Roehler’s fascination with the French novel is easily explained for anyone who knows his and Houellebecq’s work; in a way they could be half brothers just like the protagonists of The Elementary Particles. They are Michael (Christian Ulmen), a molecular scientist who is the owner of the aforesaid parakeet, and Bruno (Moritz Bleibtreu, who essentially plays a variation on his character from Roehler’s previous film Agnes and His Brothers). They grew up separately with their grandparents while their mother hung out a various hippy communes. They eventually meet in their teens and will keep in contact for the rest of their lives, perhaps attracted to one another because they appear to be polar opposites.

Bruno becomes a secondary school literature teacher who thinks too much about sex and not enough about Baudelaire, while Michael is too absorbed in his work as a scientist to really have much time for love or sex.

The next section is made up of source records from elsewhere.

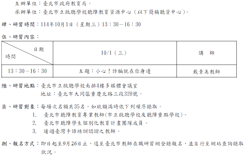 公告114學年度第1學期「手語能力精進」特教知能研習實施計畫,詳如說明,敬請參閱。
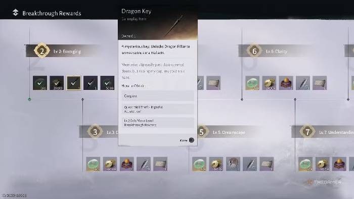 Dragon Key đầu tiên và dễ dàng nhất để sở hữu là phần thưởng khi vượt qua mốc Breakthrough ở Solo Mode Level 2: Emerging. Điều kiện để mở mốc này là nhân vật Solo Mode phải đạt Level 15.
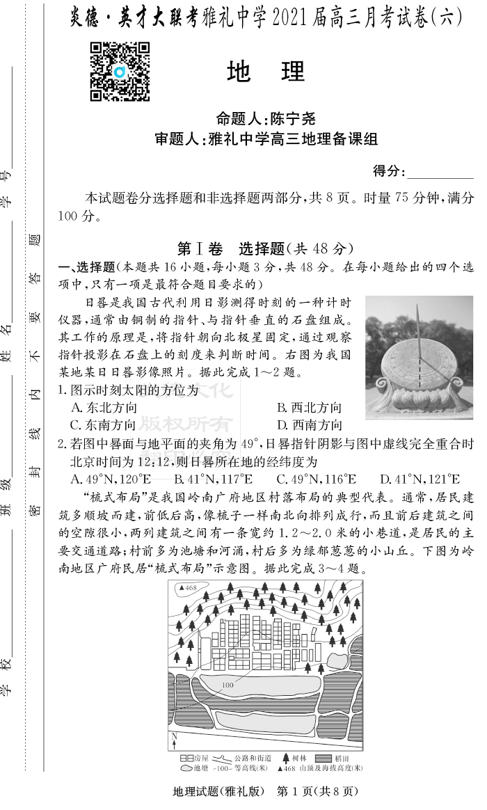 【地理】炎德英才大聯考2021屆雅禮中學高三6次月考

In any case, his research and experiments on a new type of artificial procreation might make sex completely obsolete in the near future. Roehler, heavily aided by Houellebecq’s strong thematic contrasts and composition, glides through the story effortlessly for the first two-thirds of the film, using his narrative of the two brothers’ day-to-day as a framework for an investigation into the meaning and uses of sex and how people’s obsession with it (or its absence) influences their lives to an unhealthy extent.

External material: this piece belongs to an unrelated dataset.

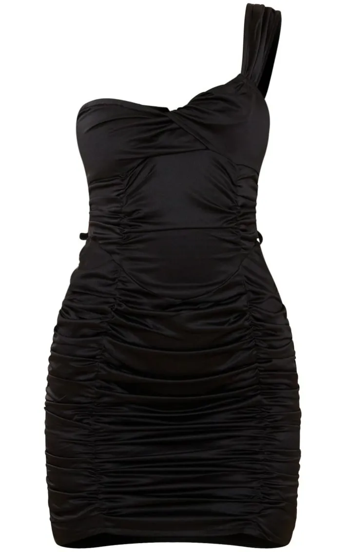 Give your wardrobe a seriously chic update with thisblack satin ruched one shoulder bodycon dress. This dress features a black satin material for all the sultry vibes this season. With a ruched detail and a bodycon fit, you are sure to show off your figure in all the right places, what’s not to love? Style with some black strappy heels and some statement earrings to finish off the look.

Despite its subject matter, however, the film can be considered prudish when it comes to showing sex, though it is perhaps not so surprising seen the all-star line up (including Lola rennt co-stars Moritz Bleibtreu and Franka Potente). The fact that the characters are mostly dressed or, when disrobed, move behind strategically placed bottles and table-tops infect the integrity of the film, though the actors’ work cannot be faulted, as Roehler has orchestrated a near-perfect casting coup. Everyone is pitch-perfect, from Bleibtreu and Ulmen as the two half brothers, right down to the women in their lives (including turns by Potente and Martina Gedeck as their lovers, Nina Hoss as their mother and Corinna Harfouch as Bruno’s therapist) and the younger versions of the brothers (Tom Schilling and Thomas Drechsel – already co-stars in Napola) who appear in flashbacks.

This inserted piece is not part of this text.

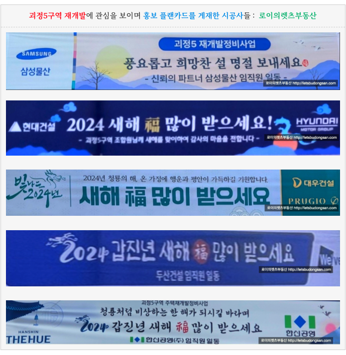 괴정5구역 재개발 관심을 보이며 플랜카드를 걸고 홍보중인 건설사들이 참고 하십시오.
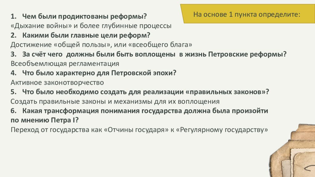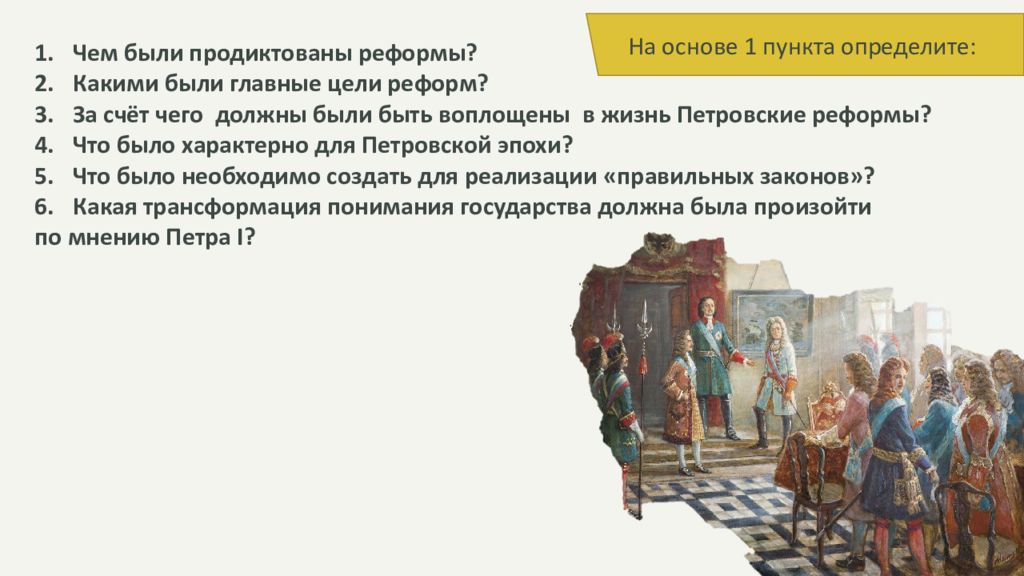 На основе 1 пункта определите: Чем были продиктованы реформы? Какими были главные цели реформ? За счёт чего должны были быть воплощены в жизнь Петровские реформы? Что было характерно для Петровской эпохи? Что было необходимо создать для реализации «правильных законов»? Какая трансформация понимания государства должна была произойти по мнению Петра I ?

While the tone of the first two-thirds of The Elementary Particles is serious, even bleak (despite numerous moments of comic relief), the last third introduces us to the parents of Franka Potente’s Annabella, who are still living a happily ever-after story and feel peculiarly out of place in the film’s gloomy, doom-day approach to relationships. From that point on many disasters are still to happen but suddenly there is a more than vague flicker of hope for all of the characters, which feels strangely intrusive. The technical package of this two-thirds successful adaptation is of the highest possible level, apart for its generic score and 1970s pop tunes (such as McLean’s American Pie) that can be heard in countless other films.